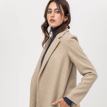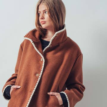 Details: * Different colors are spliced and collide with each other, more modern * Short version with lapel design * White stripe color collision at the sleeve * Patchwork front piece Materials & Care: * Fabric 1: wool 91.5% cashmere 8.5% Fabric 2: Lambswool 100% * Non-washable, gentle dry cleaning * Do not bleach Size & Fit: * Model is 5'7", Bust 32, Waist 24, Hips 35, wearing a size S Item #: LM3CT01
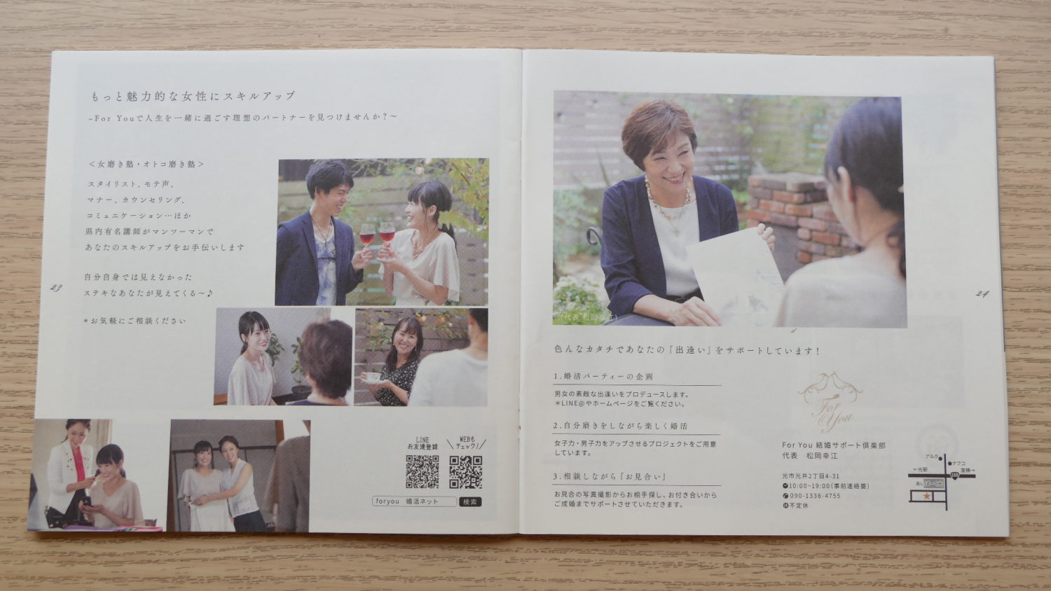 口コミで評判の高い「For You婚活サポート倶楽部」は、会員様のほとんどが近県か山口県内在住の方です。松岡さんも山口県光市で生まれ育っているので、地元で結婚をしたい方に親身に寄り添うことができます。
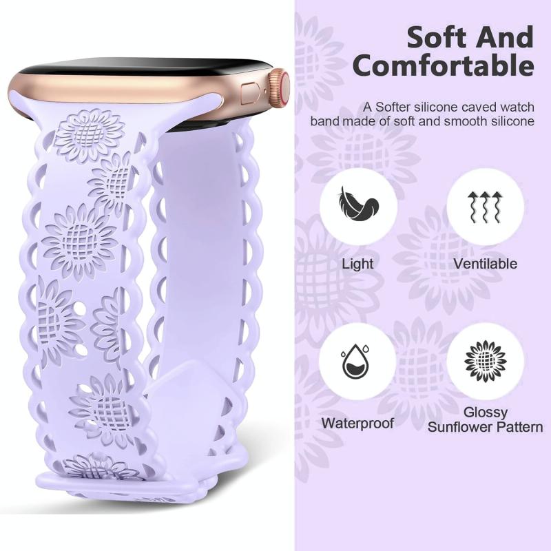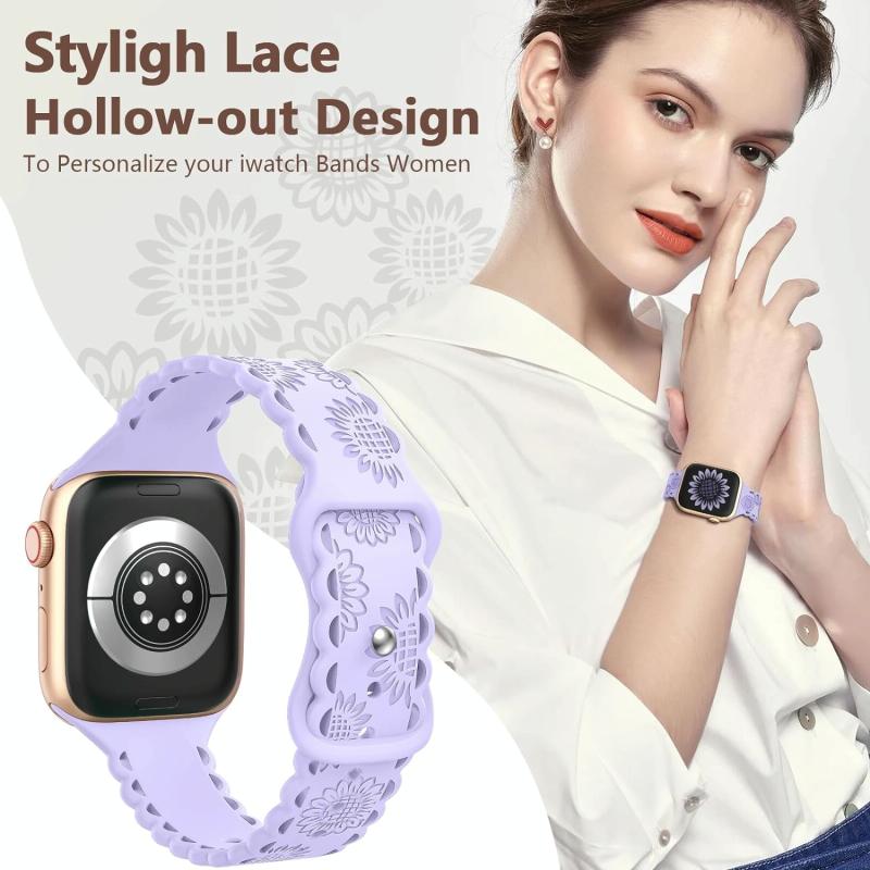 Για Apple Watch Series 3 38mm Δερμάτινο Λουρί Σιλικόνης με Δαντέλα και Χαραγμένο Ηλιοτρόπιο (Μαύρο)
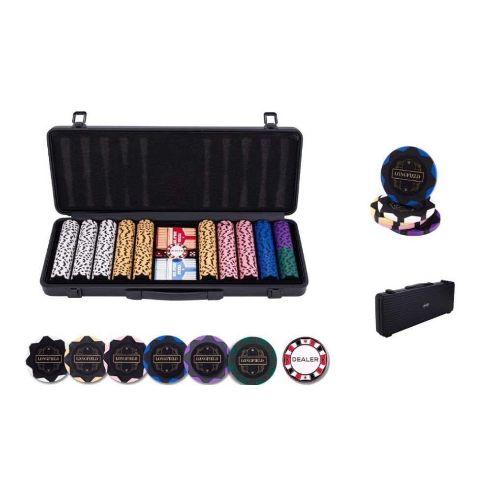 Zestaw do pokera zawiera dwie talie kart, 500 żetonów, 1 żeton rozdającego, pięć kości i czarne aluminiowe opakowanie z zaokrąglonymi rogami.
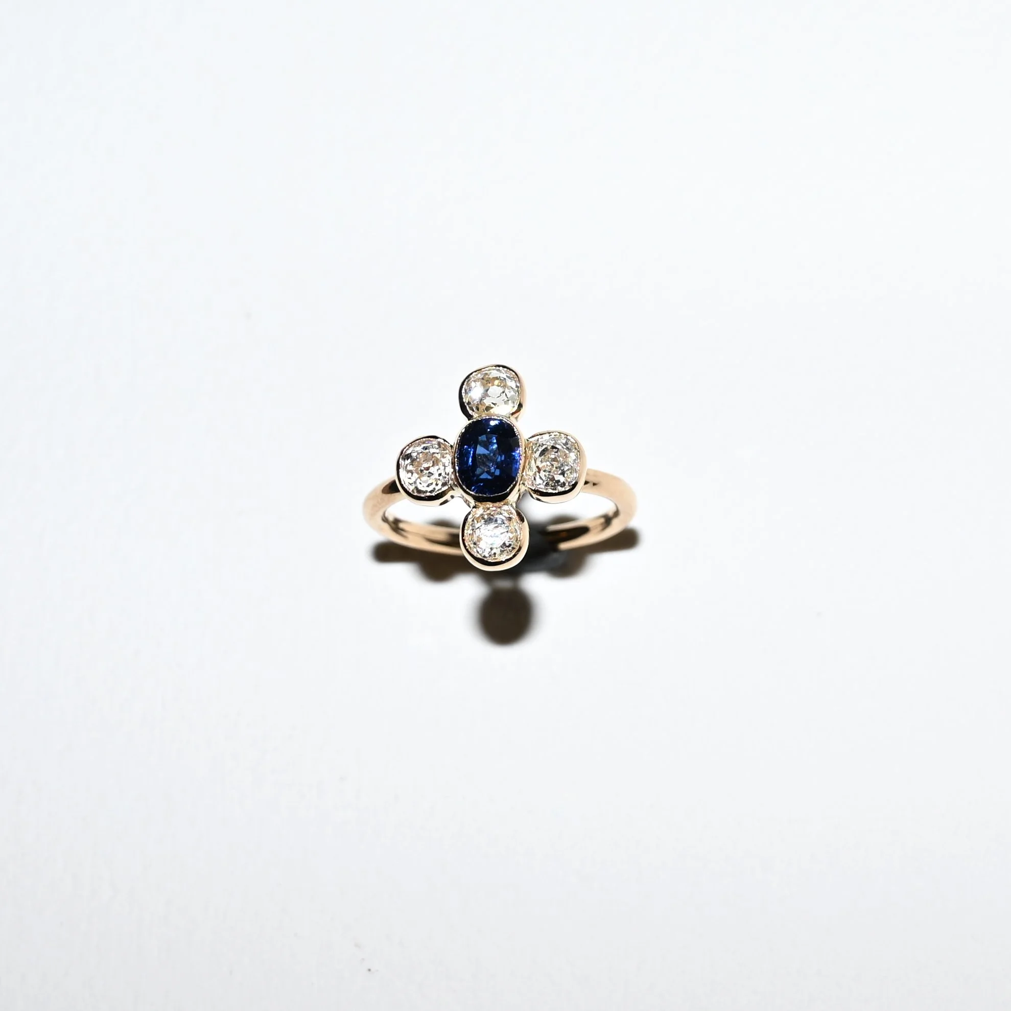 Image 1 of 1 Quatrefoil Ring with Antique Old-Mine-Cut Diamonds and Blue Sapphire $5,250.00 Quantity: Add To Cart Added!

Directions for this task. Every record above must be printed exactly, except for its images.

Answer for this exercise.
 Details: * Different colors are spliced and collide with each other, more modern * Short version with lapel design * White stripe color collision at the sleeve * Patchwork front piece Materials & Care: * Fabric 1: wool 91.5% cashmere 8.5% Fabric 2: Lambswool 100% * Non-washable, gentle dry cleaning * Do not bleach Size & Fit: * Model is 5'7", Bust 32, Waist 24, Hips 35, wearing a size S Item #: LM3CT01
 口コミで評判の高い「For You婚活サポート倶楽部」は、会員様のほとんどが近県か山口県内在住の方です。松岡さんも山口県光市で生まれ育っているので、地元で結婚をしたい方に親身に寄り添うことができます。
 Για Apple Watch Series 3 38mm Δερμάτινο Λουρί Σιλικόνης με Δαντέλα και Χαραγμένο Ηλιοτρόπιο (Μαύρο)
 Zestaw do pokera zawiera dwie talie kart, 500 żetonów, 1 żeton rozdającego, pięć kości i czarne aluminiowe opakowanie z zaokrąglonymi rogami.
 Image 1 of 1 Quatrefoil Ring with Antique Old-Mine-Cut Diamonds and Blue Sapphire $5,250.00 Quantity: Add To Cart Added!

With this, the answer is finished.